● **Exercise requirements**:
Below this line are records; transcribe exactly the lines between the one holding "Uncover the driving" and the one holding "овощами перец, запеченный", inclusive, and omit the pictures.

● **Provided records**:
▼

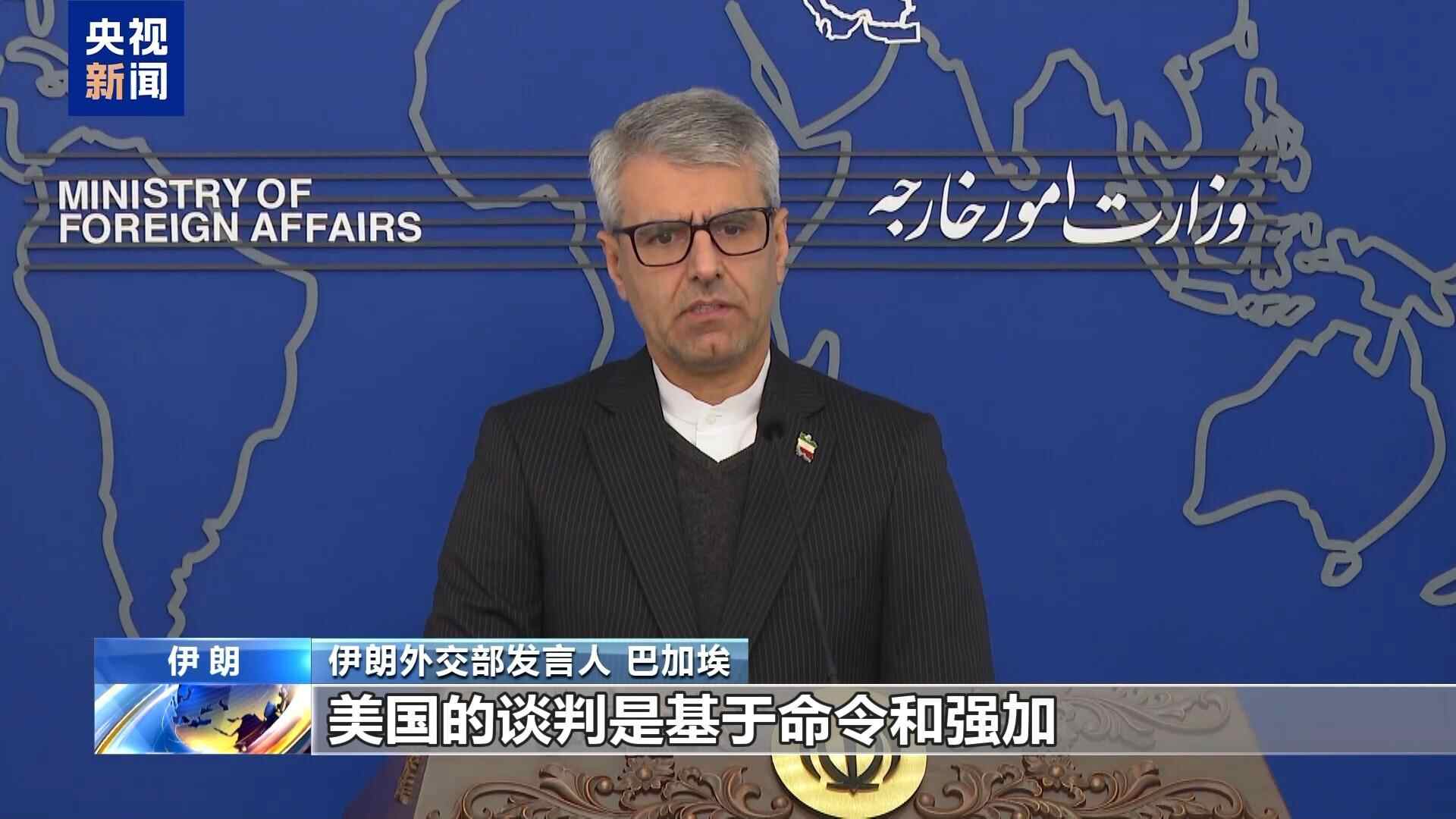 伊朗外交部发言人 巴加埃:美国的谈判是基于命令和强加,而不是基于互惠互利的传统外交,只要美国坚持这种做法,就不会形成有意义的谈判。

▲
▼

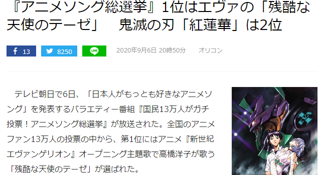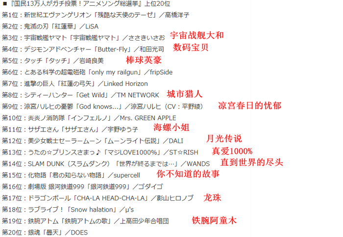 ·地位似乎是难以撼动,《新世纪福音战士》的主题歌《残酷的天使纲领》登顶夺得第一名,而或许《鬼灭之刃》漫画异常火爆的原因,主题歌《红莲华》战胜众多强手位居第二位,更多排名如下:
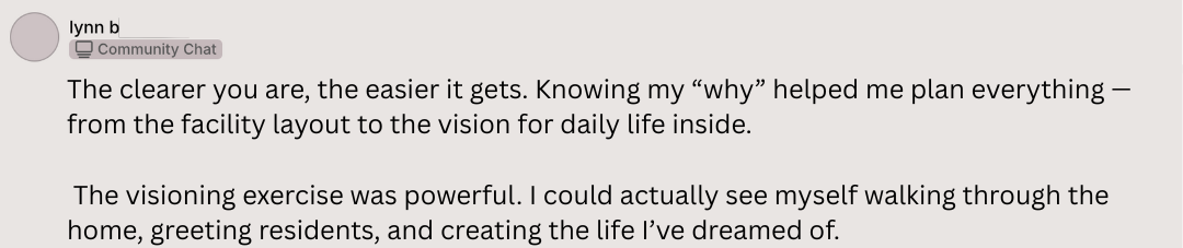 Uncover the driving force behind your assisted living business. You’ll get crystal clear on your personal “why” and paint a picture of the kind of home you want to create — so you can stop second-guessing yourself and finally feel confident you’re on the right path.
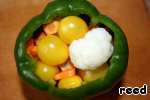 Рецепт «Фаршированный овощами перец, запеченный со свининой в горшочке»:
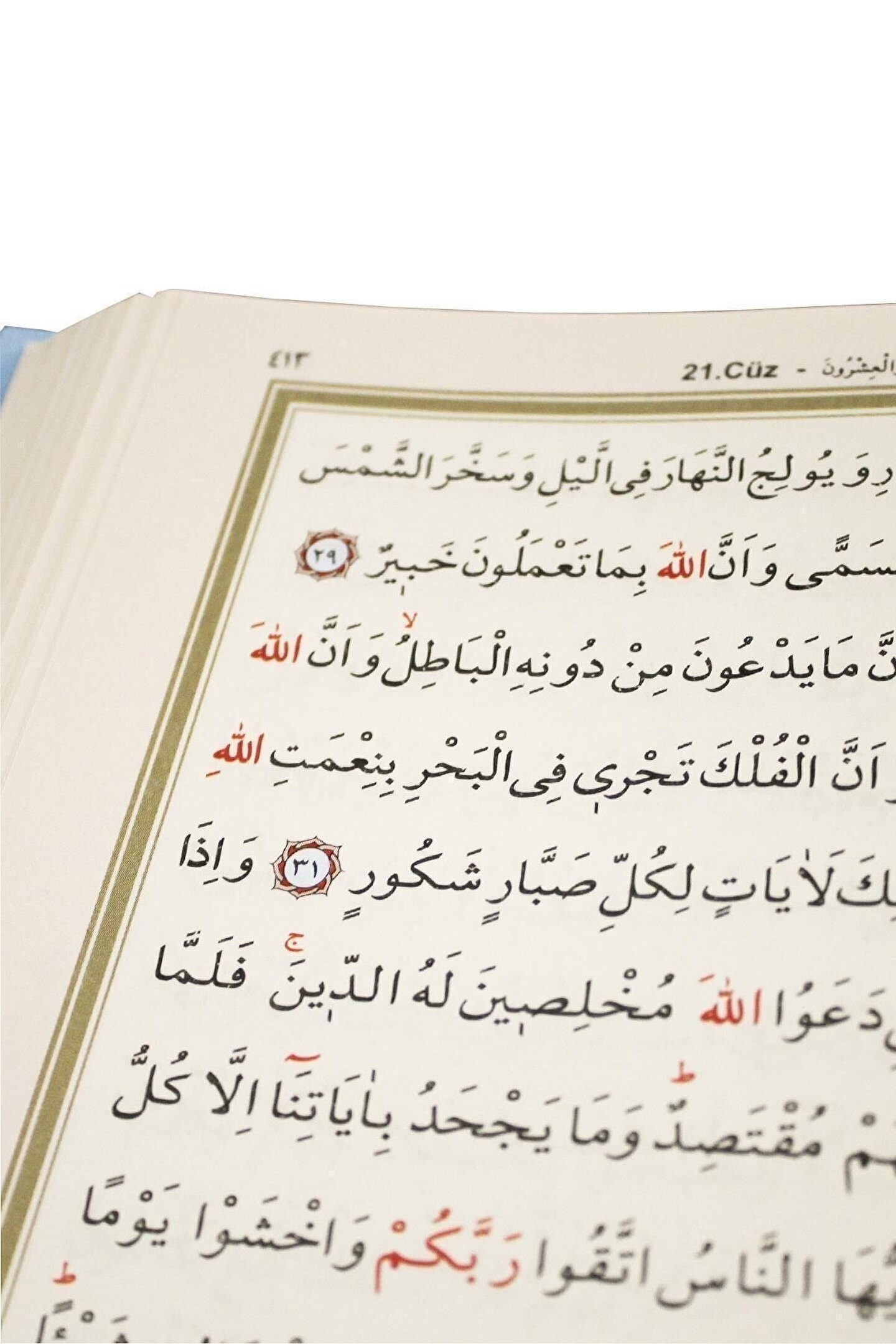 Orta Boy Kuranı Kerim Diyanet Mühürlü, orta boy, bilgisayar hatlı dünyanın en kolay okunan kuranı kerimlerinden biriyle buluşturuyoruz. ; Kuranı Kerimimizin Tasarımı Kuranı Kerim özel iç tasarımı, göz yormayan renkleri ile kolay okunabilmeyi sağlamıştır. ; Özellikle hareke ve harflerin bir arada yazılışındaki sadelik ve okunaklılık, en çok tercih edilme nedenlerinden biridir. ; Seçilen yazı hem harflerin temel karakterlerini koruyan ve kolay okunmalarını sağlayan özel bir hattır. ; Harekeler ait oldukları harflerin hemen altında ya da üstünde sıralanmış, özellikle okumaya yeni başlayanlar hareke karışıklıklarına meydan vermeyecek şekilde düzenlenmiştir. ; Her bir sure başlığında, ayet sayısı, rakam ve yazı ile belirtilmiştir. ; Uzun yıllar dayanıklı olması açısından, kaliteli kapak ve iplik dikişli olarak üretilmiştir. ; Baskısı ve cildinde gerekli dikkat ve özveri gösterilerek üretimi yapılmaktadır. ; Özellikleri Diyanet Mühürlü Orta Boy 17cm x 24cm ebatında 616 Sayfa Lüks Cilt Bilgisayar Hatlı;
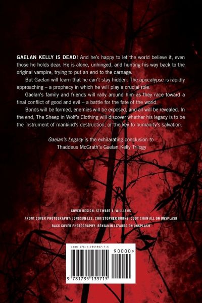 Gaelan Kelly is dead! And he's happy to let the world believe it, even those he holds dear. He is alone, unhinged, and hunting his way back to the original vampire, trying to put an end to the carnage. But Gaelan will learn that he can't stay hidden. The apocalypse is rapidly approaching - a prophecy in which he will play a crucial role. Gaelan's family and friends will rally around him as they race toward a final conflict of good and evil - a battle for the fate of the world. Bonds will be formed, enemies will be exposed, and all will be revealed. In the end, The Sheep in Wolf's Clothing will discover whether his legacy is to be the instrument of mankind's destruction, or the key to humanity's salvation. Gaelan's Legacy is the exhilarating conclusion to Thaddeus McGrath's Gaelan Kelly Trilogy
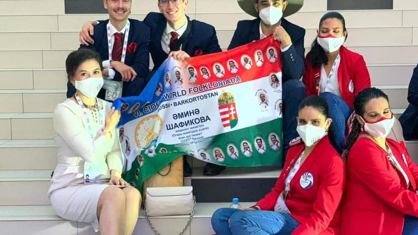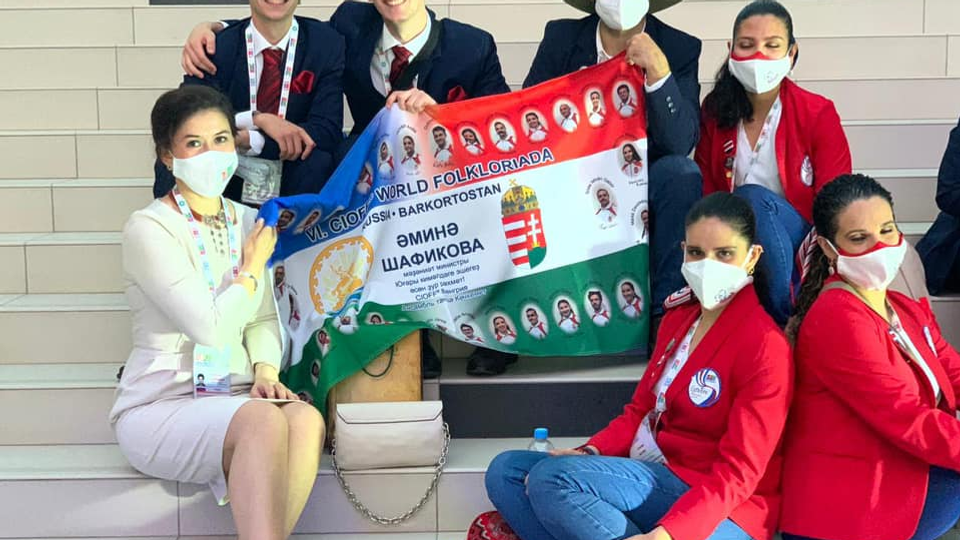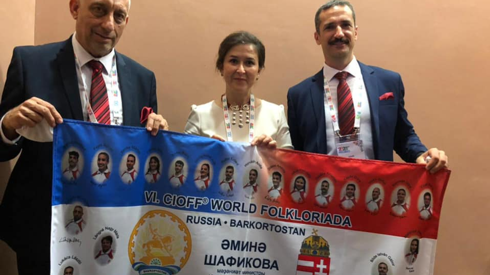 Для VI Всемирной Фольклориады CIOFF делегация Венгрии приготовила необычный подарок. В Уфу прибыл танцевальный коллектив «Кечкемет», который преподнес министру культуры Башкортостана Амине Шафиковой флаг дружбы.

▲

● **Exercise answer**:
 Uncover the driving force behind your assisted living business. You’ll get crystal clear on your personal “why” and paint a picture of the kind of home you want to create — so you can stop second-guessing yourself and finally feel confident you’re on the right path.
 Рецепт «Фаршированный овощами перец, запеченный со свининой в горшочке»:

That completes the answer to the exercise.